Figures 8 and 9 also show that there is a dip in dose immediately after the prosthesis in the distal region that is followed by a dose escalation and then the standard dose fall off is seen. These observations are due to loss of electron fluence immediately after the prosthesis as most of the electrons generated in the prosthesis stay within it, and at the same time, the nylon provides very little backscatter.

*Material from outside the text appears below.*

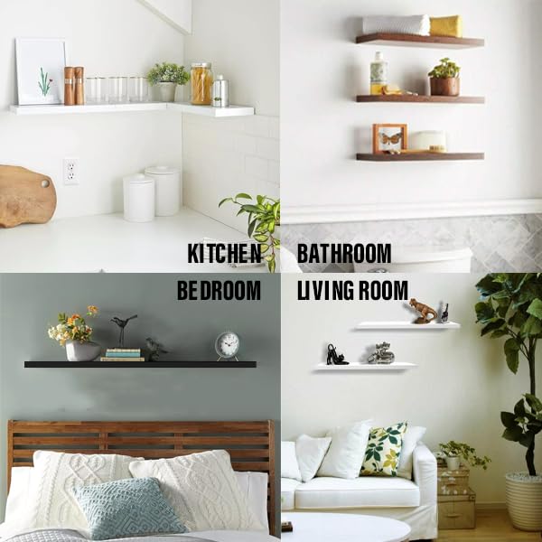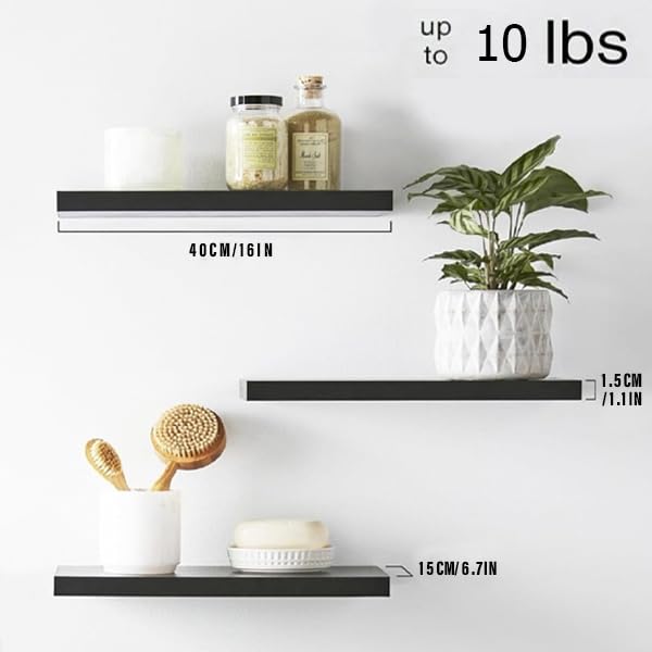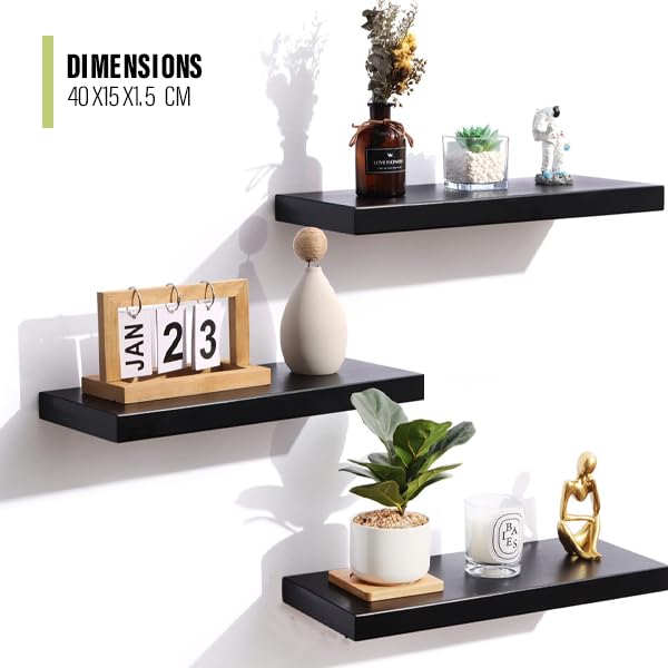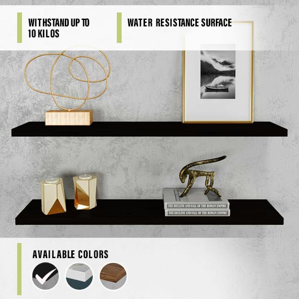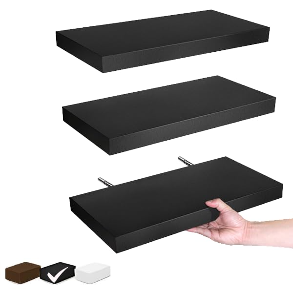 Generic - أرفف عائمة حديثة، أرفف خشبية ريفية تثبت على الحائط للحمام وغرفة النوم وغرفة المعيشة والمطبخ، رف تعليق صغير للكتب/التخزين/ديكور الغرفة بسعة 4.5 كجم (أسود)

DPFs were calculated from the depth doses sampled in Figs. 7(a) and 7(b) data and are shown by the green curves in Figs. 8(a) and 9(d). A DPF = 1.0 indicates the borderline between dose enhancement (DPF > 1.0) and dose reduction (DPF < 1.0). From these figures, the DPFs > 1.0 occur inside the prosthesis and on its proximal side, while DPFs < 1.0 occur in the distal region of the prosthesis. In Table 2, maximum DPFs ranged between 1.21 and 1.23 corresponding to dose enhancements of 21% and 23% for 6 MV, and between 1.25 and 1.30 (dose enhancements of 25 and 30%) for 15 MV beam, respectively, for field sizes of 15 × 15 and 3 × 3 cm2. Similarly, minimum DPFs ranged between 0.79 and 0.82 (21 and 18% dose reductions) for 6 MV beam. For 15 MV, it ranged between 0.82 and 0.85 (dose reductions of 18 and 15%), occurring for field sizes of 5 × 5 and 3 × 3 cm2, respectively. The uncertainty in these data is 2% (the standard deviation of the average values of three measurements).
Table 2.
Average values of maximum and minimum dose perturbation factors. The uncertainty (standard deviation) in the data is 2%
| Field size (cm2) | 6 MV photon beam | 15 MV photon beam | ||
|---|---|---|---|---|
| Max. DPF | Min. DPF | Max. DPF | Min. | |
| 15 × 15 | 1.21 | 0.81 | 1.25 | 0.84 |
| 10 × 10 | 1.22 | 0.81 | 1.25 | 0.83 |
| 5 × 5 | 1.22 | 0.79 | 1.26 | 0.82 |
| 3 × 3 | 1.23 | 0.82 | 1.30 | 0.85 |
The DPF values for the four fields are shown in Table 2. It was also observed that the maximum values of the DPFs in the phantom (excluding the prosthesis) occurred at the beam entrance region of the Ti prosthesis. The prosthesis itself receives higher dose from 15 MV beams compared to 6 MV beams. This observation could be attributed to the longer range of more energetic electrons generated in the beam proximal to the prosthesis in the 15 MV beam. This actually means that the Ti prosthesis intercepts a higher proportion of the secondary electron fluence, and thus more dose is deposited in the 15 MV than for 6 MV.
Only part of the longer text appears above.